One of my favorite things about the summer is enjoying the beautiful outdoors, especially beaches! I was so surprised when I moved to Chicago to find that there are beaches in the city, and that they are really nice. On really hot days, it is great to be able to cool off in the water, or relax by the beach. Early mornings on the beach are so peaceful and quiet, and a great time to do an outdoor workout!

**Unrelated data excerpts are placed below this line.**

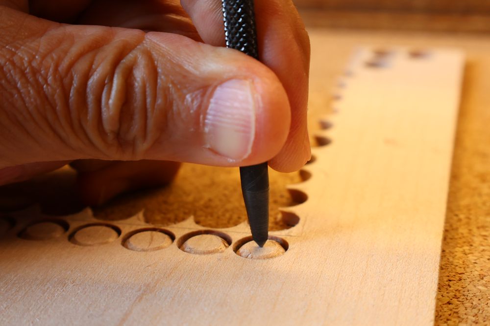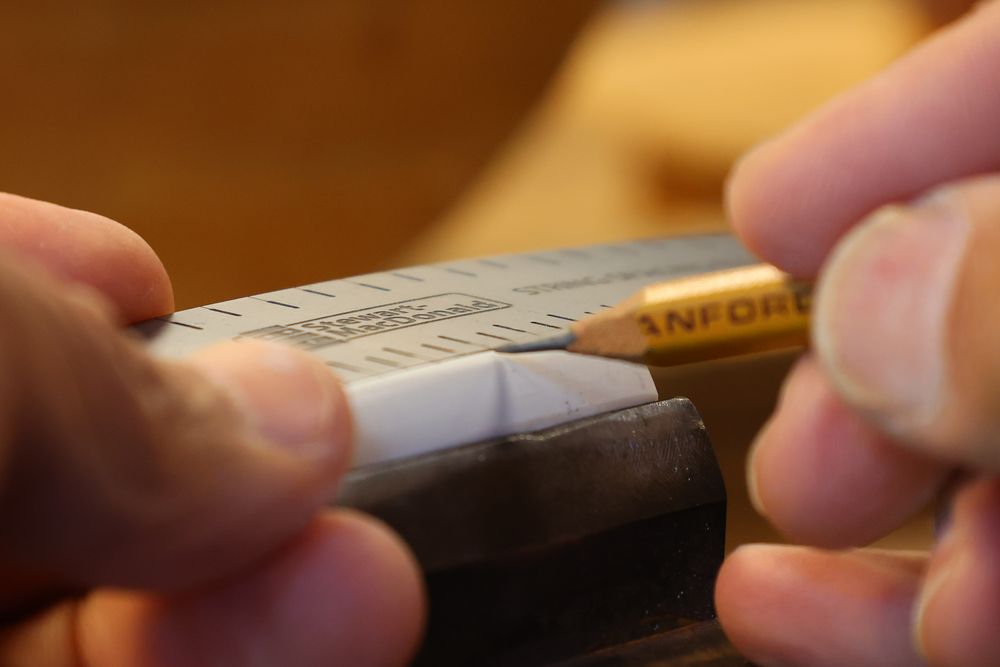 - 13.フレットの高さに合わせてケガキ線を入れます。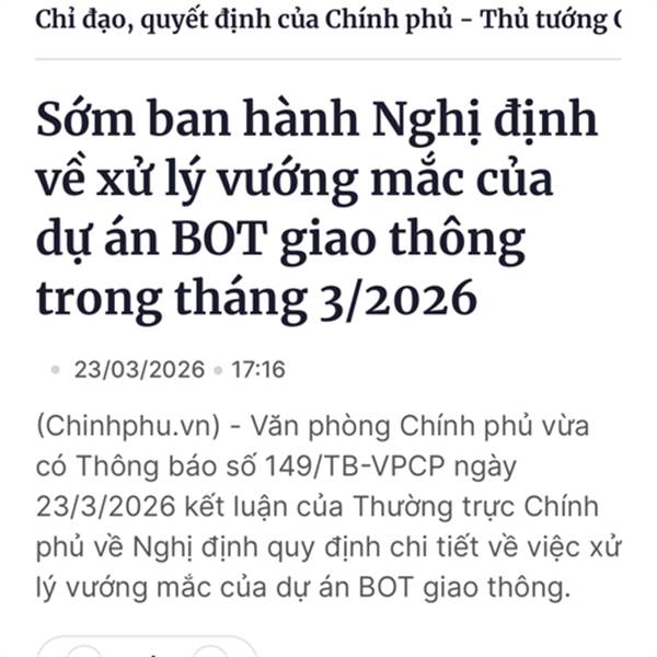 Việc xây dựng, hoàn thiện Nghị định quy định chi tiết về việc xử lý vướng mắc của các dự án BOT giao thông đang đi đến những bước cuối cùng ...Thêm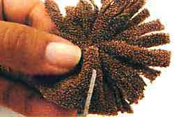 10. Como fazer os Cabelos:Corte a meia bouclê marrom fechada, com 5 cm de comprimento.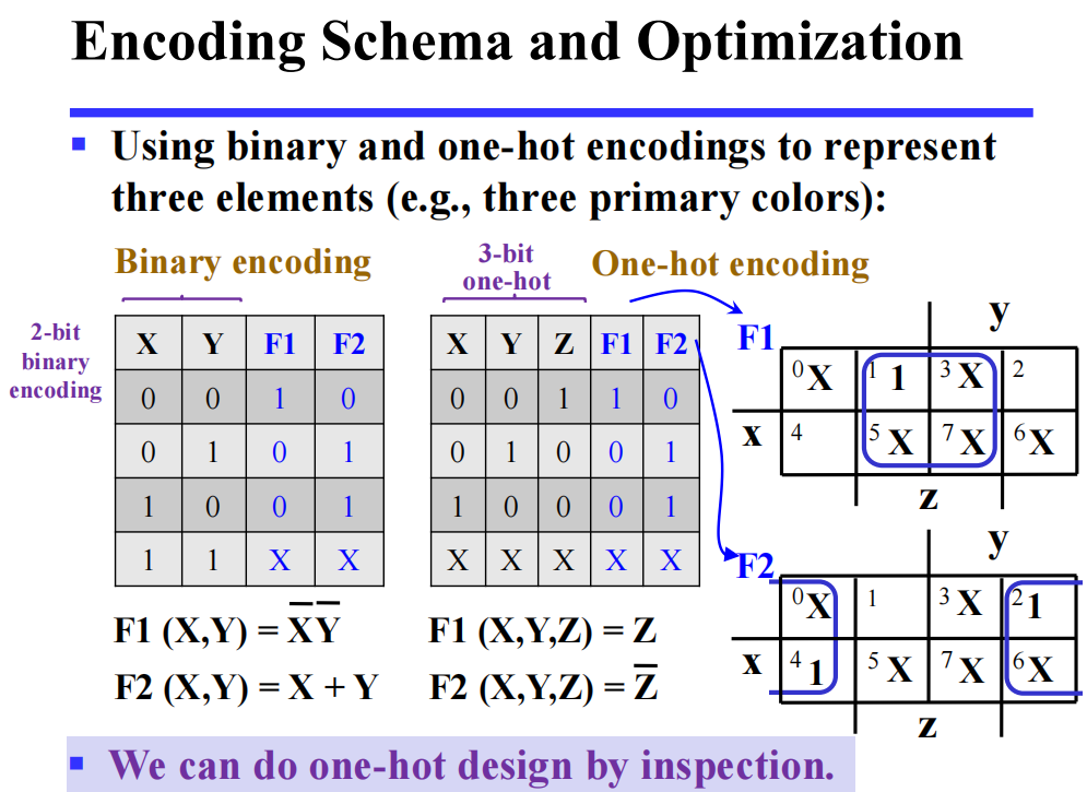 - 对于每个最小项,只有一种输入使得它的值为 1,其余输入对应的输出均为 0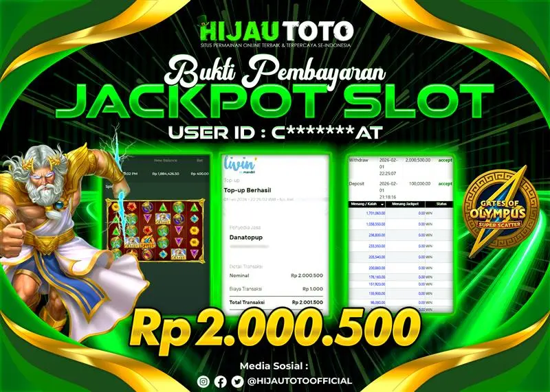 Selamat datang di HIJAUTOTO, tempatnya seru-seruan dan cuan besar! Mulai main cukup dengan modal Rp5.000 aja, taruhan super murah dari Rp100 perak! Mau main slot yang penuh warna? Atau togel dari 20 pasaran paling hits? Atau mungkin tembak ikan yang bikin deg-degan? Tenang, ada juga taruhan bola, sabung ayam, dan live casino yang bikin suasana makin hidup! Daftar sekarang dan dapetin bonus new member 100% langsung, biar modalmu makin tebal. Deposit gampang banget, bisa pakai QRIS, dan kalau butuh bantuan, customer service kita siap 24 jam nonstop. Jadi, tunggu apa lagi? Yuk, gabung dan bawa pulang kemenangannya cuma di HIJAUTOTO!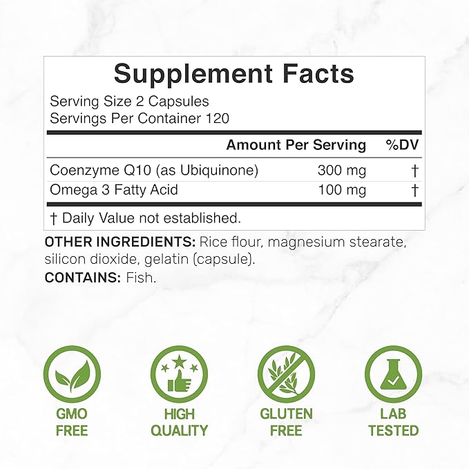 - Dosage & Servings – 2 capsule serving size that offers a 120-day supply. The 300mg CoQ10 with 100mg Omega 3 Fatty Acid dosage allows for efficient delivery of essential nutrients.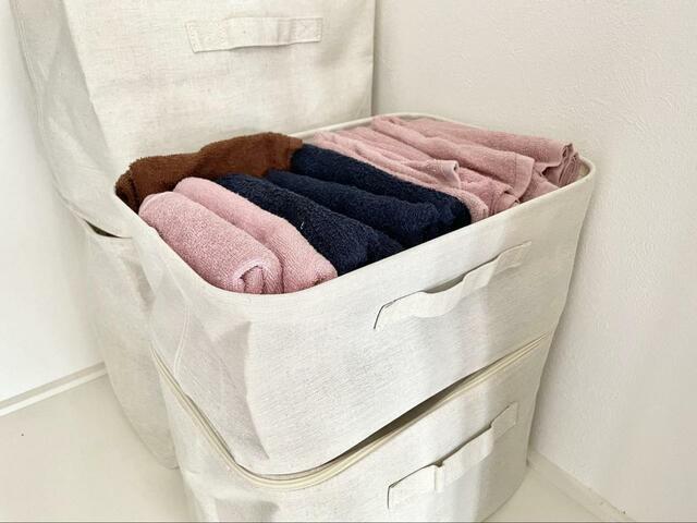 我が家は子ども用のタオルやハンドタオルがとても多く、毎回収納するのに困っていたのですが、こちらのソフトボックスを使用すると、あっという間にすっきり片付きました。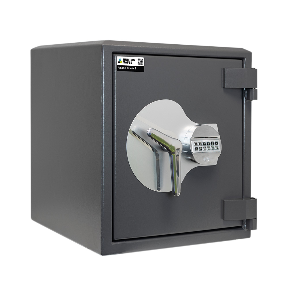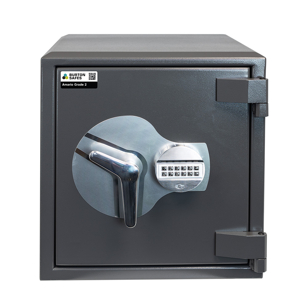 The Burton Amario Grade 2 Size 2 – Electronic locking is a premium model safe. Ideal for when you need a compact size and features an easy to use keypad for access. It is an ideal size for when space is at a premium. For your peace of mind this model has been tested by ECBS and is insurance approved by the AiS. It has been certified to a £17,500 cash rating or £175,000 for valuables.
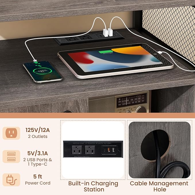 - Make Charging Easier: This mobile file cabinet features 2 outlets(125V/12A), 2 USB ports and 1 type-C(5V/3.1A) that keep your devices powered up and within reach. Additionally, the cable management hole makes it easy to keep wires organized and out of sight.

Here are some ideas of moves to do on the beach for a workout. You could either do this as intervals and do each move for 30-45 seconds, or you could do a set number of each move (try for 16 of each).


Be prepared to get sandy and become one with the waves!


The "around the world" squat and lunge series after the high knees can be done with a few variations, and I tried to show a few of these. You can come back to a squat before the lunge if you want, and if you don't want to jump after each side, you can just stand up or rise to your toes. You can do whatever feels most natural with your arms. If you are doing this at home or in a gym, you could add a set of weights.


This alternating lunge with a knee to chest and spinal twist is a great way to take a scenic "long walk on the beach" while also getting in a workout!


Try to keep your lifting leg as straight as possible, and use strength and balance rather than momentum. If you find it unstable to lift the leg straight from the curtsy lunge, you can gently tap the toe in between moves, as I show at the end of the video.

The bright sun makes it difficult to tell which leg I am tapping in the plank to down dog ankle taps - bring your arm to your opposite ankle! Keep your core engaged and avoid arching your back during all these moves. For the move involving drawing your knee into your chest, first take it across towards the opposite elbow, then to the same side elbow. In the side plank at the end, you can lower down to your forearms for more stability.


I had to do crab walks on the beach of course! For the tricep push ups, keep your elbows pointed back behind you and close to your torso. For a modification, you can sit down, but keep your weight shifted back into your hands.

Then run into the water to cool off and enjoy the beauty of nature!